▶ [Work instructions]: All lines from the one containing "王宇(右一)在援藏項(xià" down to the one containing "スリランカ豆カレーを口に運び", both ends included, are to be given again exactly; omit the rest of the listing below.
-- Records for this task follows --
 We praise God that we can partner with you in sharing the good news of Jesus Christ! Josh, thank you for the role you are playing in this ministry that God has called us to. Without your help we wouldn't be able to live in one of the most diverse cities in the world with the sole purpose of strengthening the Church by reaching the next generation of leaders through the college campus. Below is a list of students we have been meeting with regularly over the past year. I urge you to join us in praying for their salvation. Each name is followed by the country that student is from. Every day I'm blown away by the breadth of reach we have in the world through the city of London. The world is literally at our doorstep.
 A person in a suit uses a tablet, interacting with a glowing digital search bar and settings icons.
-- Records for this task concluded --
-- Records for this task follows --
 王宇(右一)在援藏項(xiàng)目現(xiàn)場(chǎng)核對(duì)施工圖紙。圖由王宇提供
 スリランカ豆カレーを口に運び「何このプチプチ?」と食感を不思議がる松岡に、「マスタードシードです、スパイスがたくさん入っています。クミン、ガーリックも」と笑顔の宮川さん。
-- Records for this task concluded --
-- Records for this task follows --
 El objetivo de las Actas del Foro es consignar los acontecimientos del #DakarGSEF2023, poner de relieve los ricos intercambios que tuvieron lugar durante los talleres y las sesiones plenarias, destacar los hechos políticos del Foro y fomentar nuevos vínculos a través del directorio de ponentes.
-- Records for this task concluded --
▶ [Answer section]:
 王宇(右一)在援藏項(xiàng)目現(xiàn)場(chǎng)核對(duì)施工圖紙。圖由王宇提供
 スリランカ豆カレーを口に運び「何このプチプチ?」と食感を不思議がる松岡に、「マスタードシードです、スパイスがたくさん入っています。クミン、ガーリックも」と笑顔の宮川さん。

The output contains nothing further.